─── Provided data ───

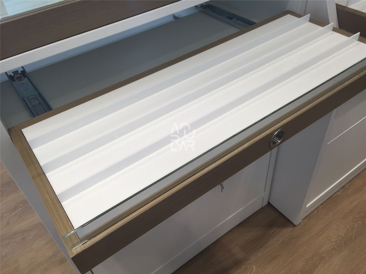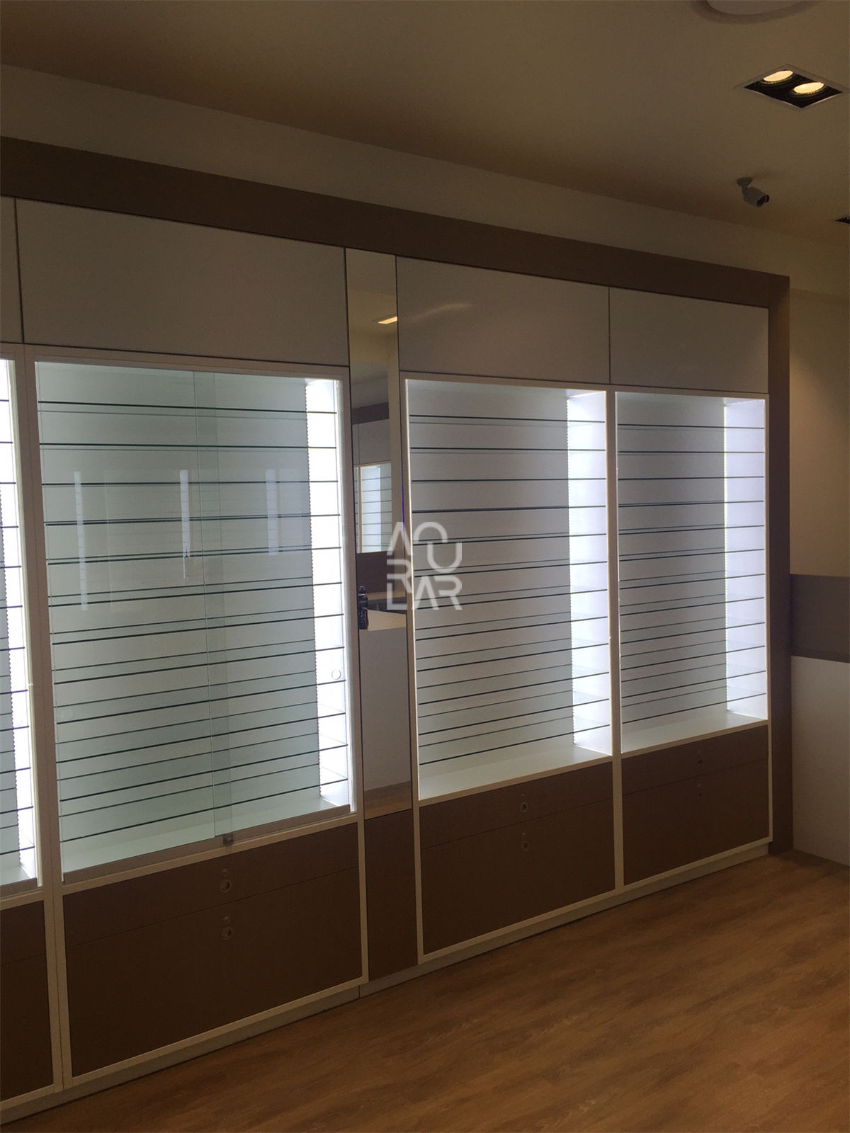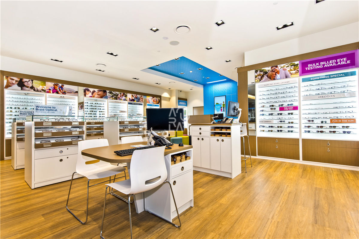 The various elements of the store aim to create a dialogue between the materials that characterise the glasses and the customers, in a contemporary re-interpretation of the classic simplex mouldings.We had a full long discussion with the Bupa store planning team to provide an impactful, simple design using melamine board instead of lacquer board, which is more durable, easier to clean, while reducing the overall cost by 60% of the budget.
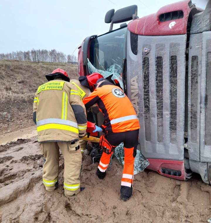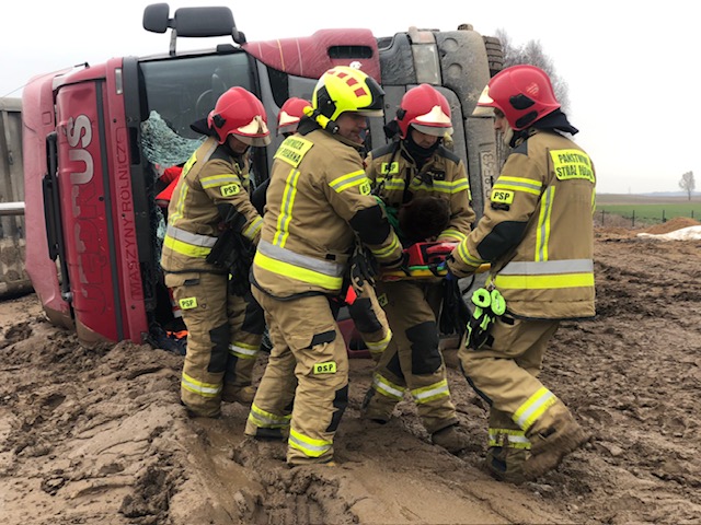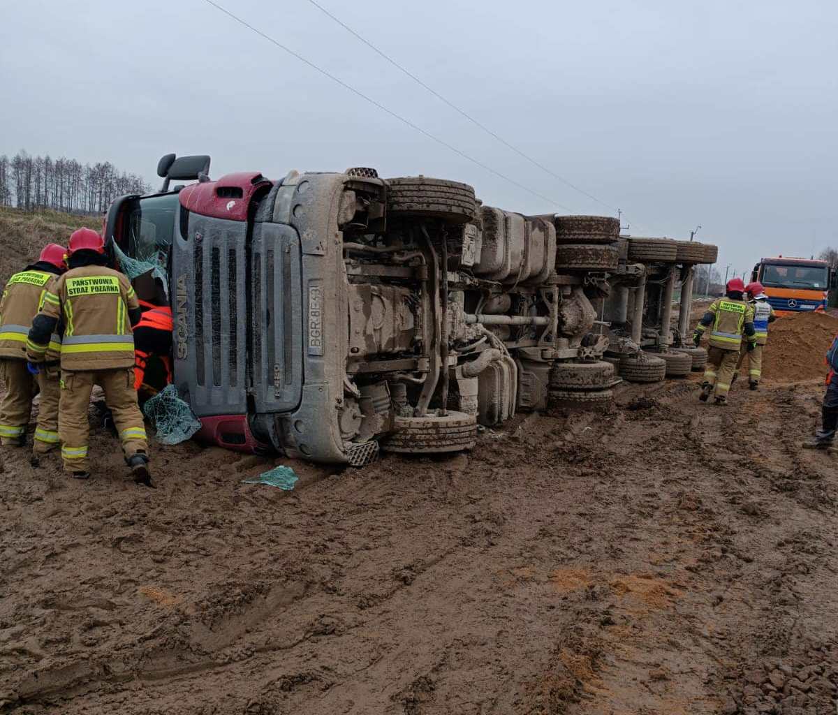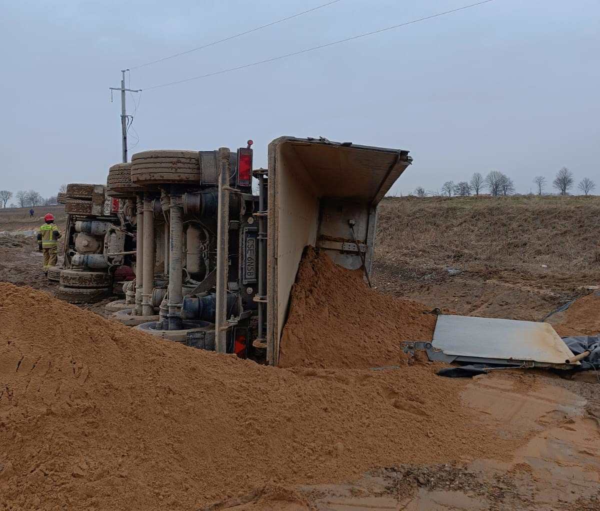 Dokładnie o godzinie 11:44 do służb wpłynęła informacja o ciężarówce, która podczas wysypywania rozładunku przewróciła się na bok.
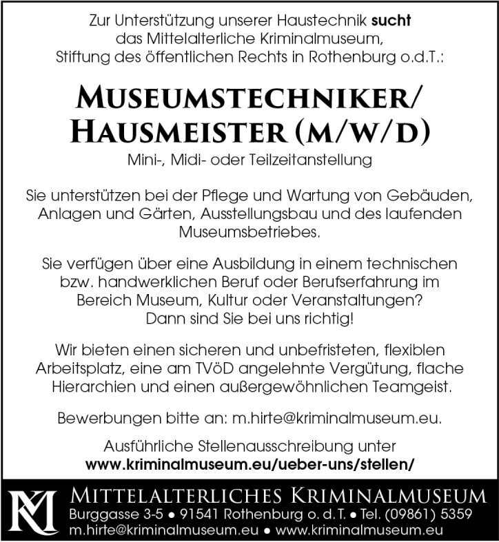 Zur Unterstützung unserer Haustechnik sucht das Mittelalterliche Kriminalmuseum, Stiftung des öffentlichen Rechts in Rothenburg o.d.T.: Museumstechniker/ Hausmeister (m/w/d) Mini-, Midi- oder Teilzeitanstellung.

───

Exclude the images, then output the data above word for word.

Reply to the task
 The various elements of the store aim to create a dialogue between the materials that characterise the glasses and the customers, in a contemporary re-interpretation of the classic simplex mouldings.We had a full long discussion with the Bupa store planning team to provide an impactful, simple design using melamine board instead of lacquer board, which is more durable, easier to clean, while reducing the overall cost by 60% of the budget.
 Dokładnie o godzinie 11:44 do służb wpłynęła informacja o ciężarówce, która podczas wysypywania rozładunku przewróciła się na bok.
 Zur Unterstützung unserer Haustechnik sucht das Mittelalterliche Kriminalmuseum, Stiftung des öffentlichen Rechts in Rothenburg o.d.T.: Museumstechniker/ Hausmeister (m/w/d) Mini-, Midi- oder Teilzeitanstellung.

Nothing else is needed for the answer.